[Source records]:

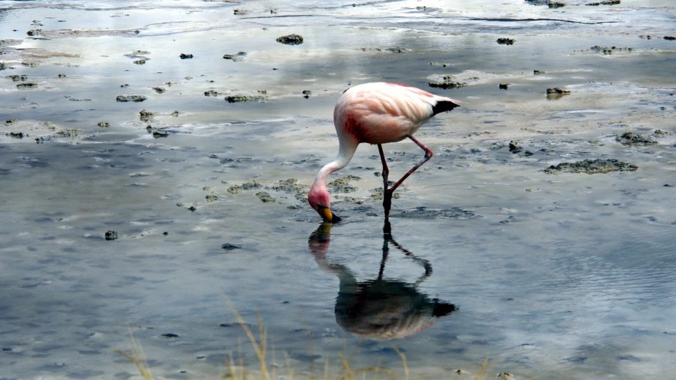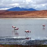 Cestou ideme okolo Piatich jazier, pri niektorých sa zastavíme a obdivujeme plameniaky. Na niektorých jazerách sa k nim dostaneme skutočne blízko a snažíme sa nejakým spôsobom rozlíšiť tri druhy, čo tu majú. Ale vyzerá to len na andské a Jamesove. Čilské moc nevidíme.
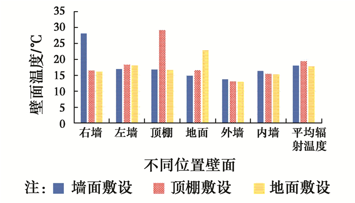 3) 外墙温度受室外环境影响较大。3种敷设方式外墙的温度均最低,且与其他壁面温度相差较大。
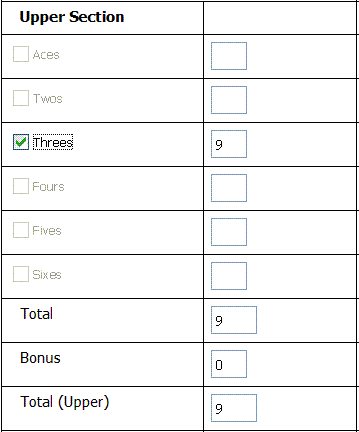 If you choose to score your roll in the upper section of the scorecard, your score is recorded as the sum of all dice in the score category chosen. For instance, a roll of 3-1-3-5-3 scored in the Threes category would result in a total of 3+3+3=9 points. A Bonus score of 35 points is added if a player scores more than 63 points in the upper section.
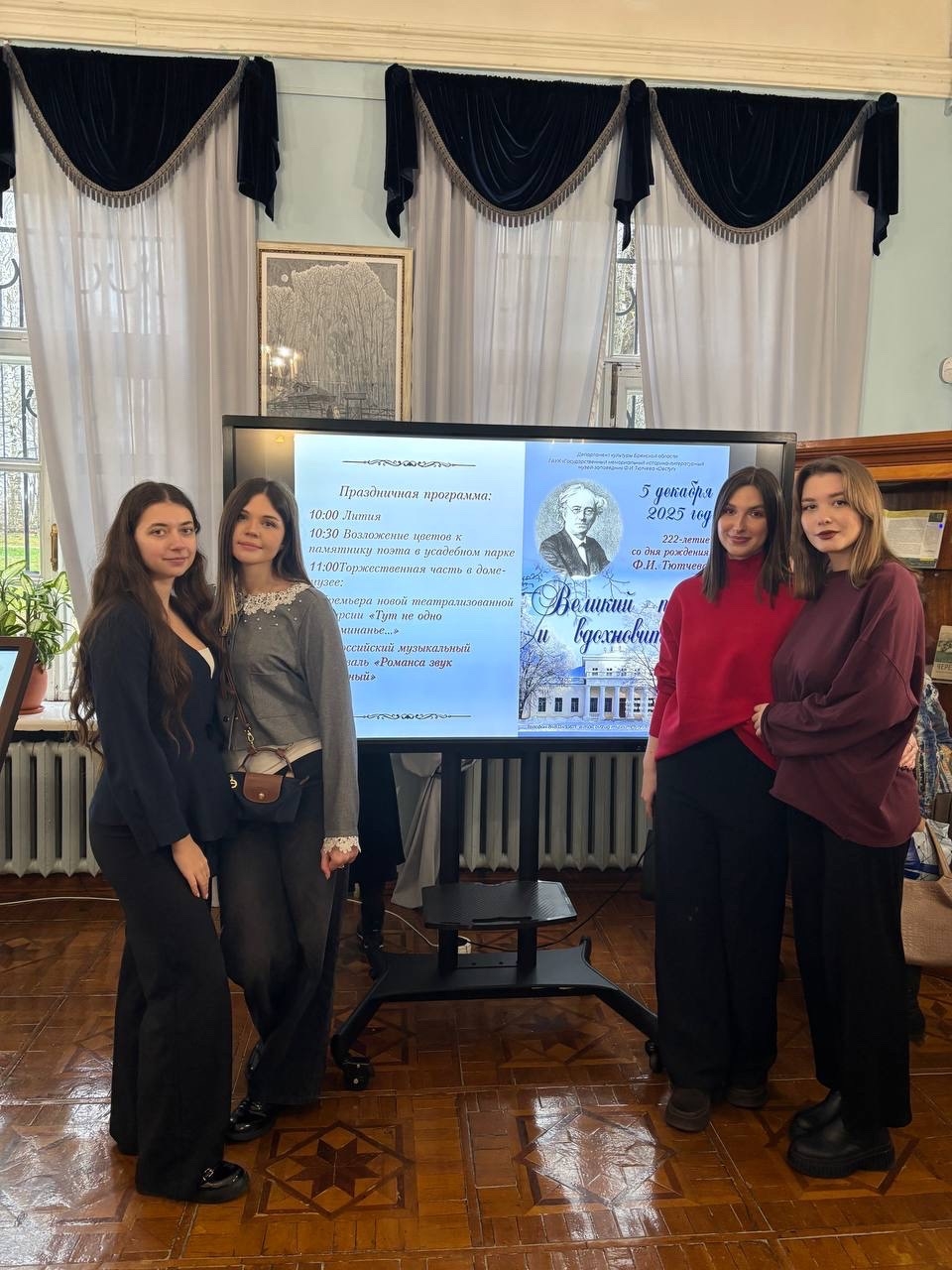 Студенты приняли участие в насыщенной праздничной программе «Поэт и вдохновитель», с самого начала погрузившись в атмосферу XIX века. Торжественная церемонии возложения цветов к памятнику Ф.И. Тютчева в усадебном парке позволила ощутить «связь времен» - прошлого и настоящего.
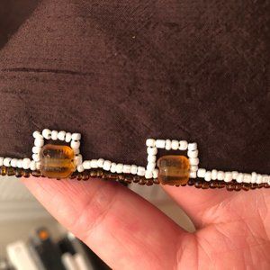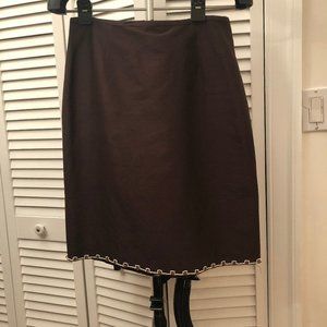 Oscar de La Renta silk brown/maroon color, with embroideries in pearls all around the lower edge of the skirt. Fitted skirt. Measures approximately when laying flat: waist 15", and length 23", Zip up on back, Size 10
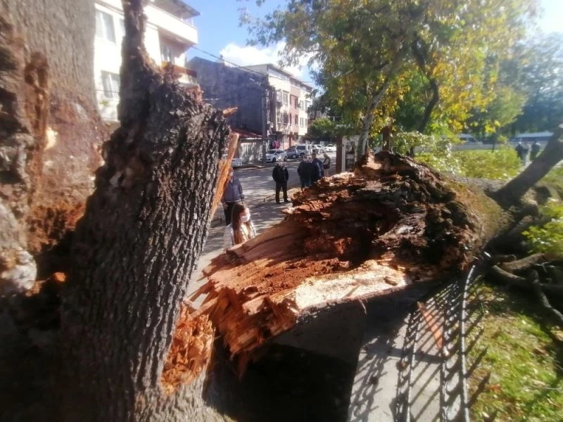 Vatandaşların ihbarı üzerine olay yerine gelen Büyükşehir Belediyesi Park ve Bahçeler Şube Müdürlüğü ekipleri devrilen ağacı elektrikli testerelerle keserek parçaladı.
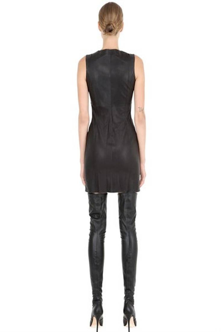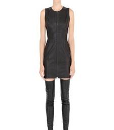 | Product Name | Genuine Lambskin Women's Black Leather Dress Sleeveless Front Zip Party Wear Dress | |
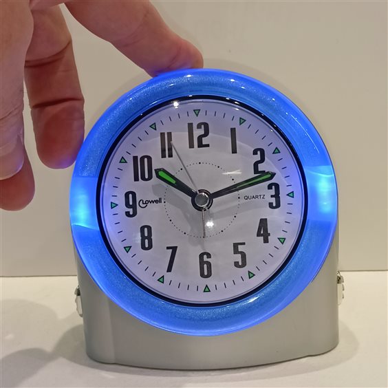 SvEGLIA da comodino MULTIFUNZIONE CON SUONERIA A BEEP LUCE E SNOOZE. COLORE LUNETTA AZZURRO. comoda da usare stabile e di ottima lettura.
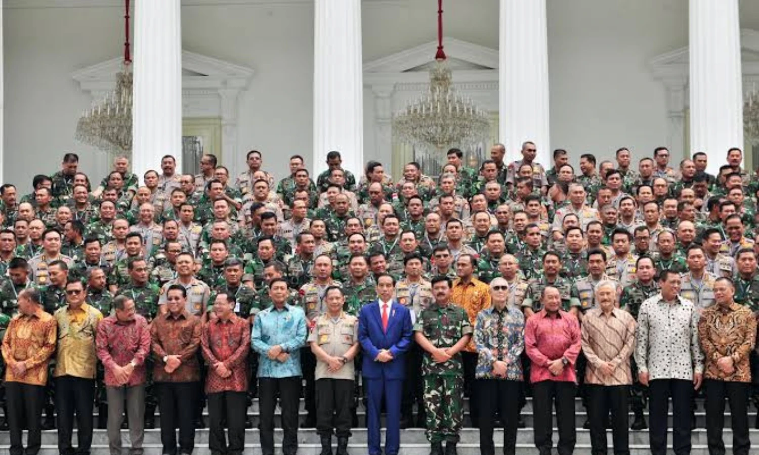 Presiden Jokowi saat pose bersama TNI dan Polri. (Foto: Dokumen Sekretariat Kabinet)
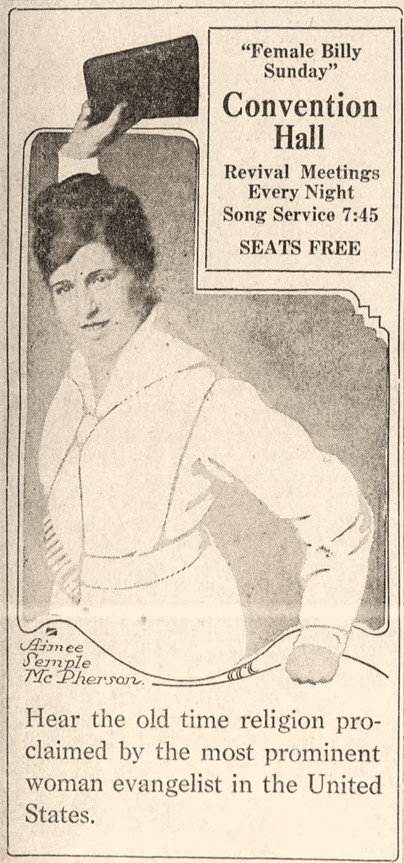 There are many online videos and documentaries concerning Sister Aimee. A good place to start is this brief overview from the Foursquare Church which includes a wealth of striking images, as well as samples of Aimee Semple McPherson speaking from the pulpit.
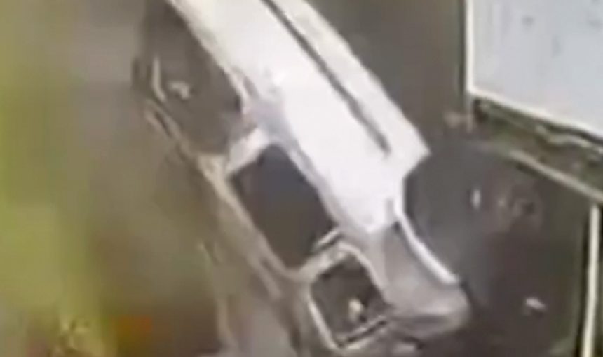Imagens de uma câmera de segurança mostram o momento em que os dois passam entre carros estacionados. Cerca de 25 segundos depois, um dos veículos é atingido por estilhaços e lançado ao ar com a explosão.
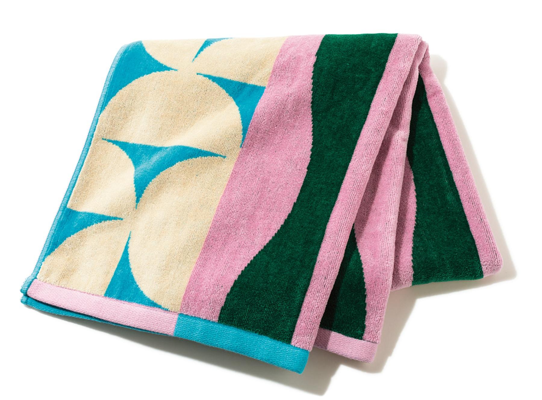オリジナリティ溢れる柄が魅力的なバスタオルは、ブランケットやソファカバー、枕カバーとしても使え、暮らしの中で幅広く活躍。ベロアのようなしっとりとした肌ざわりも心地いい。60×125cm ¥6,050(MYTONE TEL. 03-6416-1733)
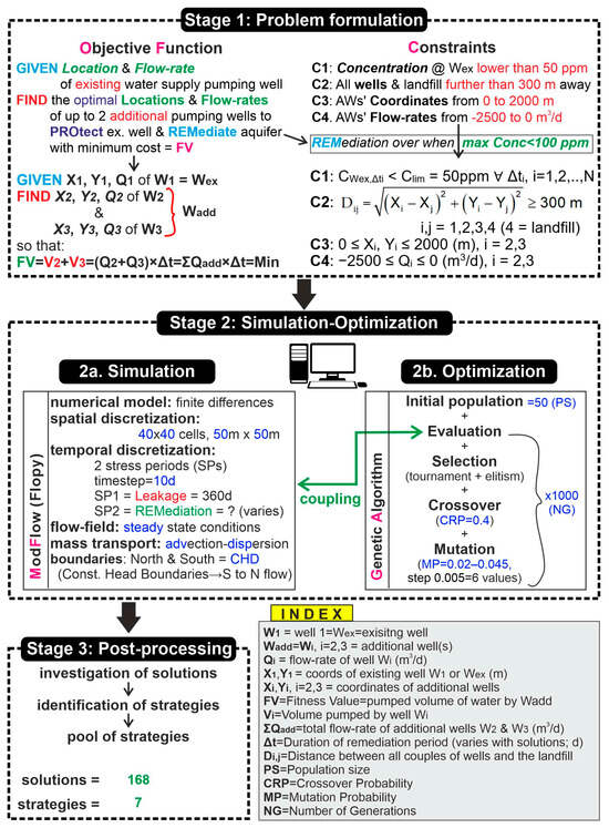 This paper deals with the optimal management of a theoretical polluted aquifer, specifically, the optimal remediation of a confined aquifer. The aquifer is assumed to have been polluted over a long period of time by unnoticed leakage in two sections of an underground pipeline conveying leachate from a landfill to a wastewater treatment plant. Upon delayed discovery of the extended pollution leak, it is decided to immediately shutdown the landfill’s drainage network operation. Simulation of the pollution’s spread is needed in order to predict the aquifer’s current state, and an optimal remediation strategy must be planned. Optimal remediation refers to the investigation of the optimal locations and flow rates of two additional pumping wells (AWs) to protect an existing freshwater supply pumping well. AWs should secure the water supply well’s fully operational mode throughout the remediation process at minimum cost. Optimization entails minimization of the operational cost of the AWs’ system; simply represented here by the total volume of water pumped by AWs. The protection of the existing supply well means that the pollutant concentration does not exceed a certain threshold. Another constraint derives from relevant rules in effect at certain regions of the Greek district, e.g., the Regional Unit of Chalkidiki, Prefecture of Macedonia; these dictate a minimum distance of any well to another or the landfill. The remediation process is assumed to be concluded when the maximum pollutant concentration of the study field drops below a certain threshold. The Modflow software [] simulates the flow field and advective–dispersive mass transport, while a simple binary elitist GA handles optimization, namely minimization of the pumped volume of water during the variable per solution remediation period. The coupled simulation–optimization (S–O) model, “Modflow-GA”, complemented by a sophisticated post-processing results analysis, produces optimal and alternate sub-optimal remediation strategies for the decision makers to select from. These strategies may feature pump-and-treat (PAT), hydraulic pollution control (HC), or a combination of the two remediation techniques. The methodology that is implemented in the current research is graphically presented step-by-step in Figure 1. Figure 1 should not be seen as a typical graphical abstract, as it is not a general summary of the methodology proposed, but a rather over-detailed delineation of the proposed process that the reader could fully comprehend only after reading through all the sections of this paper.

[REQUIRED ACTION]: Restate the data above verbatim, skipping every image.

[YOUR SOLUTION]:
 Cestou ideme okolo Piatich jazier, pri niektorých sa zastavíme a obdivujeme plameniaky. Na niektorých jazerách sa k nim dostaneme skutočne blízko a snažíme sa nejakým spôsobom rozlíšiť tri druhy, čo tu majú. Ale vyzerá to len na andské a Jamesove. Čilské moc nevidíme.
 3) 外墙温度受室外环境影响较大。3种敷设方式外墙的温度均最低,且与其他壁面温度相差较大。
 If you choose to score your roll in the upper section of the scorecard, your score is recorded as the sum of all dice in the score category chosen. For instance, a roll of 3-1-3-5-3 scored in the Threes category would result in a total of 3+3+3=9 points. A Bonus score of 35 points is added if a player scores more than 63 points in the upper section.
 Студенты приняли участие в насыщенной праздничной программе «Поэт и вдохновитель», с самого начала погрузившись в атмосферу XIX века. Торжественная церемонии возложения цветов к памятнику Ф.И. Тютчева в усадебном парке позволила ощутить «связь времен» - прошлого и настоящего.
 Oscar de La Renta silk brown/maroon color, with embroideries in pearls all around the lower edge of the skirt. Fitted skirt. Measures approximately when laying flat: waist 15", and length 23", Zip up on back, Size 10
 Vatandaşların ihbarı üzerine olay yerine gelen Büyükşehir Belediyesi Park ve Bahçeler Şube Müdürlüğü ekipleri devrilen ağacı elektrikli testerelerle keserek parçaladı.
 | Product Name | Genuine Lambskin Women's Black Leather Dress Sleeveless Front Zip Party Wear Dress | |
 SvEGLIA da comodino MULTIFUNZIONE CON SUONERIA A BEEP LUCE E SNOOZE. COLORE LUNETTA AZZURRO. comoda da usare stabile e di ottima lettura.
 Presiden Jokowi saat pose bersama TNI dan Polri. (Foto: Dokumen Sekretariat Kabinet)
 There are many online videos and documentaries concerning Sister Aimee. A good place to start is this brief overview from the Foursquare Church which includes a wealth of striking images, as well as samples of Aimee Semple McPherson speaking from the pulpit.
Imagens de uma câmera de segurança mostram o momento em que os dois passam entre carros estacionados. Cerca de 25 segundos depois, um dos veículos é atingido por estilhaços e lançado ao ar com a explosão.
オリジナリティ溢れる柄が魅力的なバスタオルは、ブランケットやソファカバー、枕カバーとしても使え、暮らしの中で幅広く活躍。ベロアのようなしっとりとした肌ざわりも心地いい。60×125cm ¥6,050(MYTONE TEL. 03-6416-1733)
 This paper deals with the optimal management of a theoretical polluted aquifer, specifically, the optimal remediation of a confined aquifer. The aquifer is assumed to have been polluted over a long period of time by unnoticed leakage in two sections of an underground pipeline conveying leachate from a landfill to a wastewater treatment plant. Upon delayed discovery of the extended pollution leak, it is decided to immediately shutdown the landfill’s drainage network operation. Simulation of the pollution’s spread is needed in order to predict the aquifer’s current state, and an optimal remediation strategy must be planned. Optimal remediation refers to the investigation of the optimal locations and flow rates of two additional pumping wells (AWs) to protect an existing freshwater supply pumping well. AWs should secure the water supply well’s fully operational mode throughout the remediation process at minimum cost. Optimization entails minimization of the operational cost of the AWs’ system; simply represented here by the total volume of water pumped by AWs. The protection of the existing supply well means that the pollutant concentration does not exceed a certain threshold. Another constraint derives from relevant rules in effect at certain regions of the Greek district, e.g., the Regional Unit of Chalkidiki, Prefecture of Macedonia; these dictate a minimum distance of any well to another or the landfill. The remediation process is assumed to be concluded when the maximum pollutant concentration of the study field drops below a certain threshold. The Modflow software [] simulates the flow field and advective–dispersive mass transport, while a simple binary elitist GA handles optimization, namely minimization of the pumped volume of water during the variable per solution remediation period. The coupled simulation–optimization (S–O) model, “Modflow-GA”, complemented by a sophisticated post-processing results analysis, produces optimal and alternate sub-optimal remediation strategies for the decision makers to select from. These strategies may feature pump-and-treat (PAT), hydraulic pollution control (HC), or a combination of the two remediation techniques. The methodology that is implemented in the current research is graphically presented step-by-step in Figure 1. Figure 1 should not be seen as a typical graphical abstract, as it is not a general summary of the methodology proposed, but a rather over-detailed delineation of the proposed process that the reader could fully comprehend only after reading through all the sections of this paper.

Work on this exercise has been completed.